● What to produce
Nothing but the exact text of the entries should appear in your answer; pictures stay out.

-- Opening Marker --

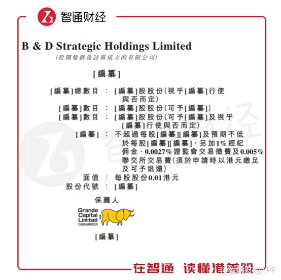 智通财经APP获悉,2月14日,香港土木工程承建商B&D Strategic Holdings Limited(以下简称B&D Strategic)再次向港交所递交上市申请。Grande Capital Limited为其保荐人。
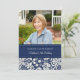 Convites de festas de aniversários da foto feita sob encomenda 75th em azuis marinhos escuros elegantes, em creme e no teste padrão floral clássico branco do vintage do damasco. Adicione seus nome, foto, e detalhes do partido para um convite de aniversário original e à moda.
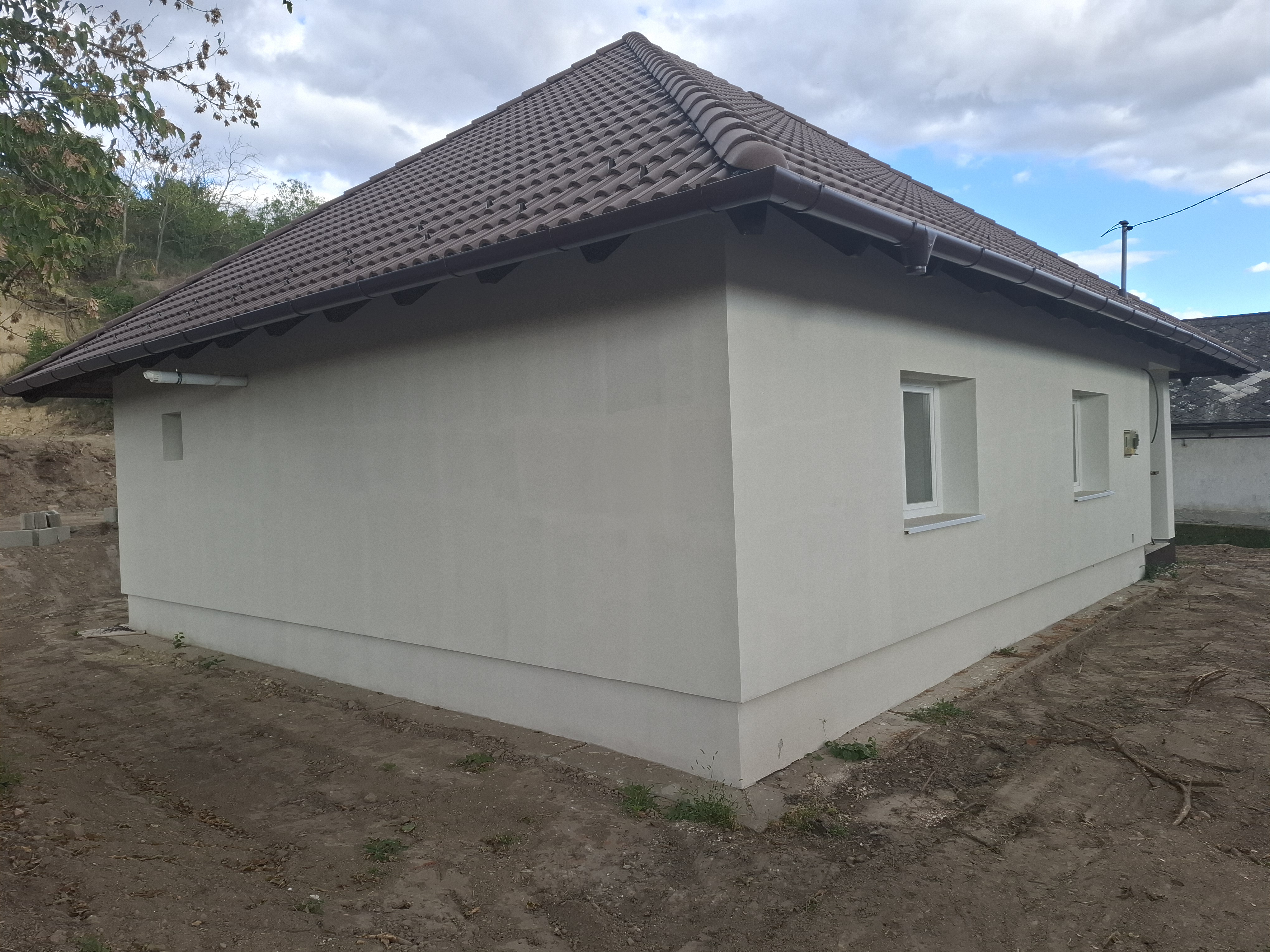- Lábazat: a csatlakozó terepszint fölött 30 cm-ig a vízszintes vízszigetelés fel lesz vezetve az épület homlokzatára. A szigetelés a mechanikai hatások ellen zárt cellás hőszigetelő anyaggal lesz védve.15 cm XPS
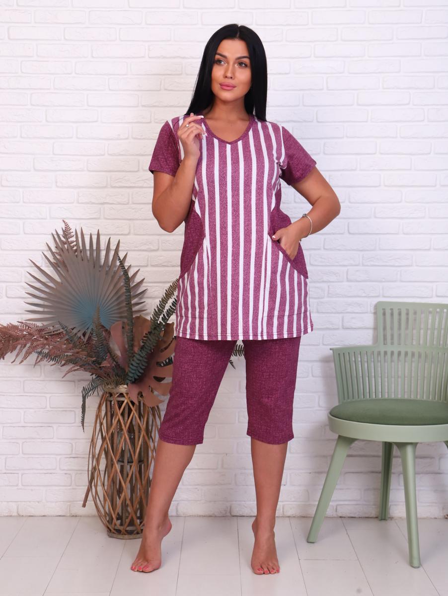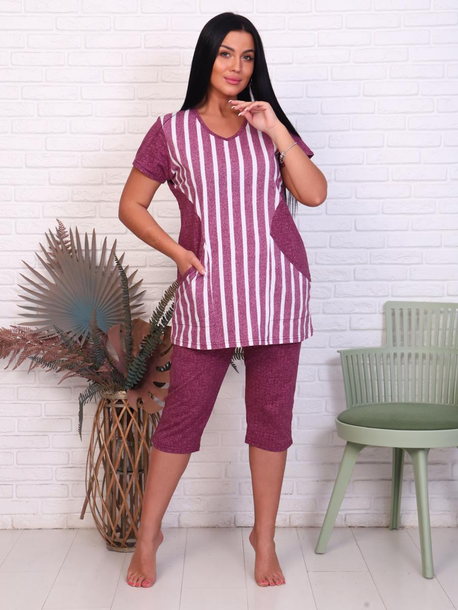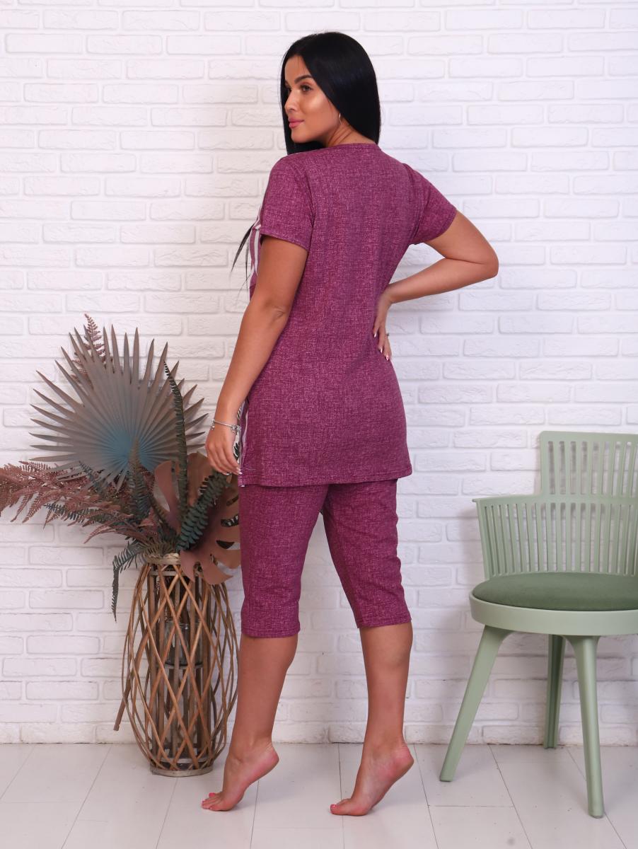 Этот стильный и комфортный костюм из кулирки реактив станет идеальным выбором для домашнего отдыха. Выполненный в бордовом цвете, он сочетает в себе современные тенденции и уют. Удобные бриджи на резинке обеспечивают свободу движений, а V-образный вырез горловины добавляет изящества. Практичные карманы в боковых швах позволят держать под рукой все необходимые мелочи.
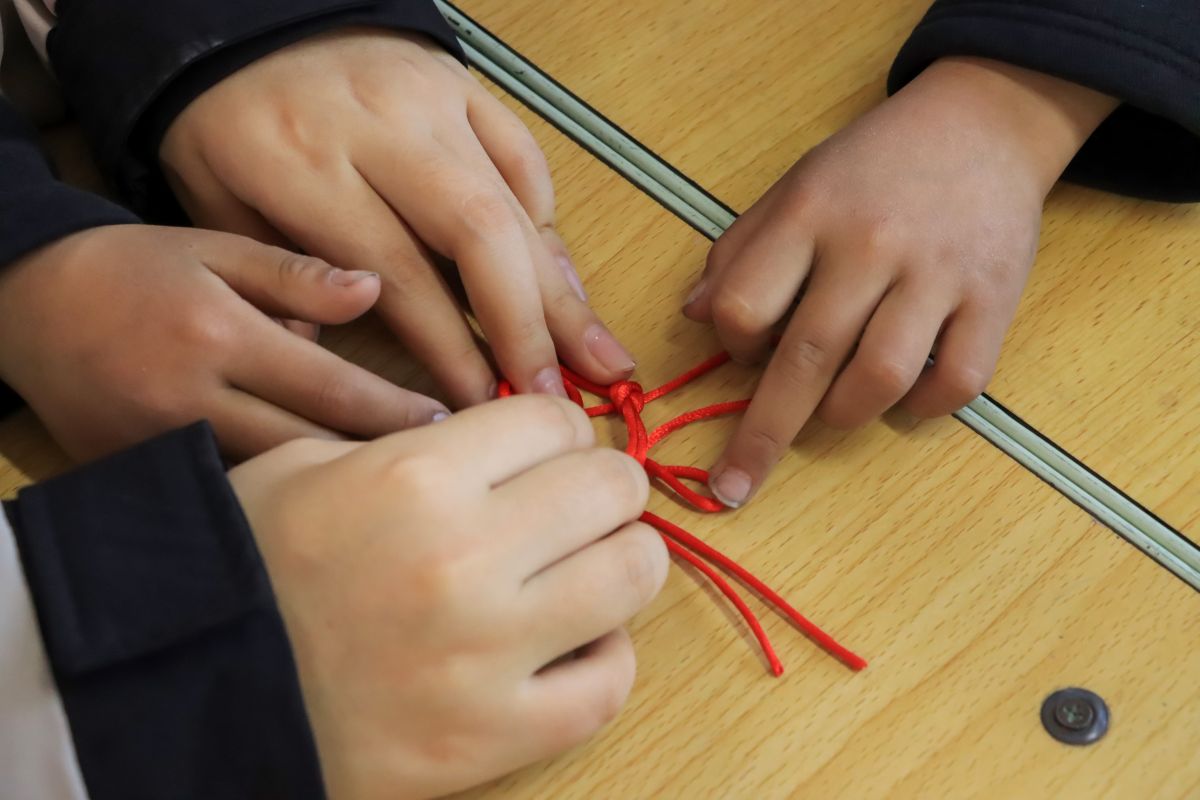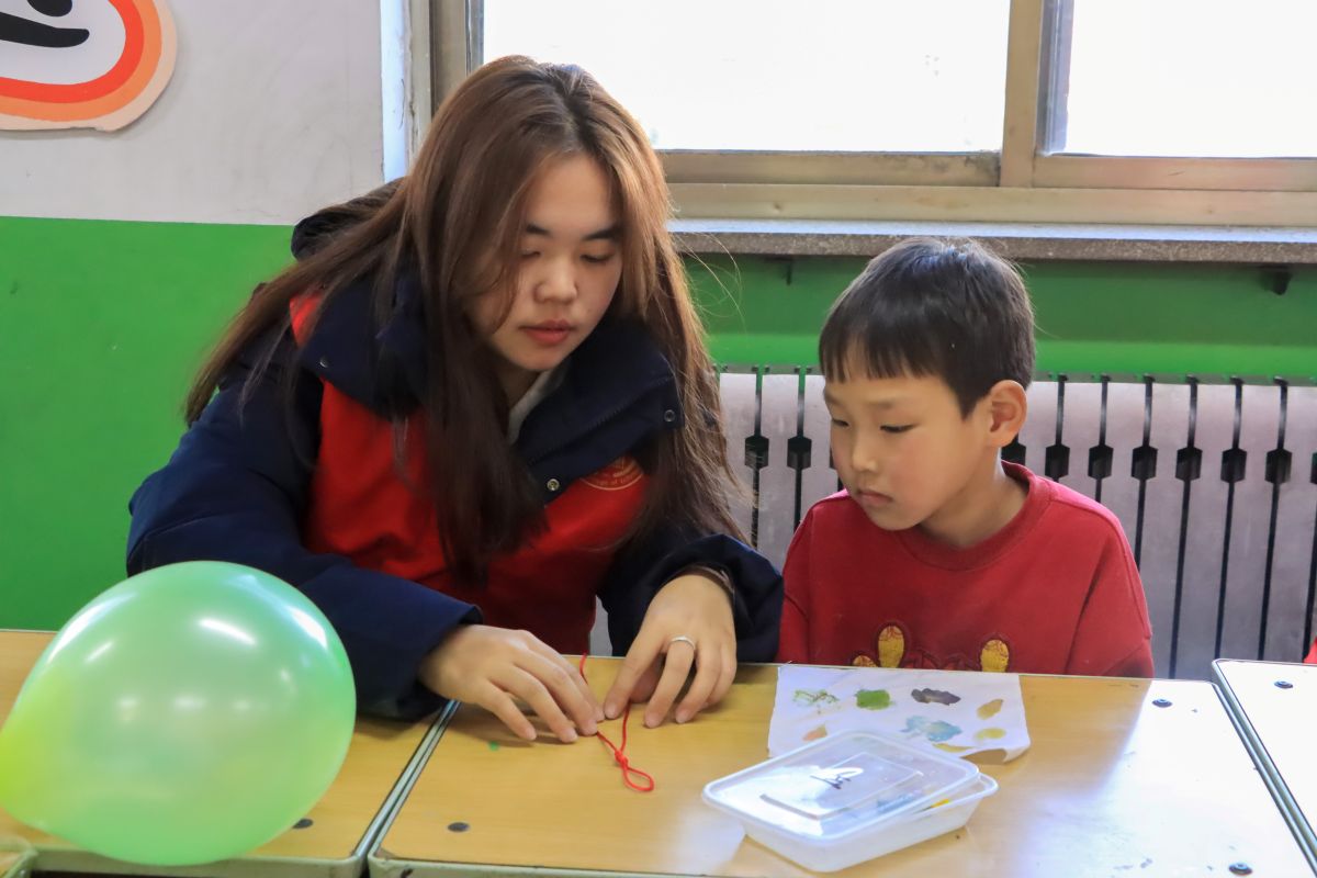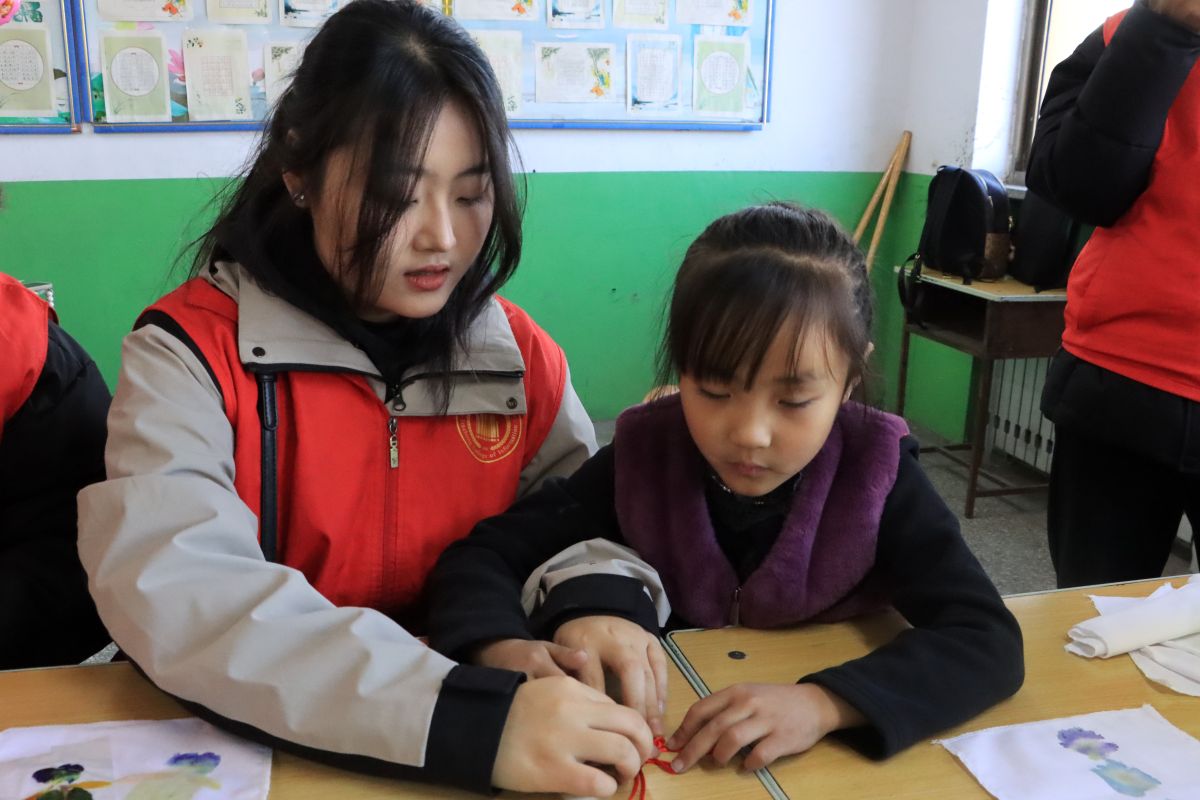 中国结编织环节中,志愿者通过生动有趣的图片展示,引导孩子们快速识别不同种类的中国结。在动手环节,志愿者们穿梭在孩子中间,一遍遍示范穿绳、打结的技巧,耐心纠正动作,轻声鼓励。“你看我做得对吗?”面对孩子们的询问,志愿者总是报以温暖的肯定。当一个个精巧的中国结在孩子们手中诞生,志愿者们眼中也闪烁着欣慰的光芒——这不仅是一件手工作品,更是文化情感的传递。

-- Closing Marker --

● Expected output
 智通财经APP获悉,2月14日,香港土木工程承建商B&D Strategic Holdings Limited(以下简称B&D Strategic)再次向港交所递交上市申请。Grande Capital Limited为其保荐人。
 Convites de festas de aniversários da foto feita sob encomenda 75th em azuis marinhos escuros elegantes, em creme e no teste padrão floral clássico branco do vintage do damasco. Adicione seus nome, foto, e detalhes do partido para um convite de aniversário original e à moda.
- Lábazat: a csatlakozó terepszint fölött 30 cm-ig a vízszintes vízszigetelés fel lesz vezetve az épület homlokzatára. A szigetelés a mechanikai hatások ellen zárt cellás hőszigetelő anyaggal lesz védve.15 cm XPS
 Этот стильный и комфортный костюм из кулирки реактив станет идеальным выбором для домашнего отдыха. Выполненный в бордовом цвете, он сочетает в себе современные тенденции и уют. Удобные бриджи на резинке обеспечивают свободу движений, а V-образный вырез горловины добавляет изящества. Практичные карманы в боковых швах позволят держать под рукой все необходимые мелочи.
 中国结编织环节中,志愿者通过生动有趣的图片展示,引导孩子们快速识别不同种类的中国结。在动手环节,志愿者们穿梭在孩子中间,一遍遍示范穿绳、打结的技巧,耐心纠正动作,轻声鼓励。“你看我做得对吗?”面对孩子们的询问,志愿者总是报以温暖的肯定。当一个个精巧的中国结在孩子们手中诞生,志愿者们眼中也闪烁着欣慰的光芒——这不仅是一件手工作品,更是文化情感的传递。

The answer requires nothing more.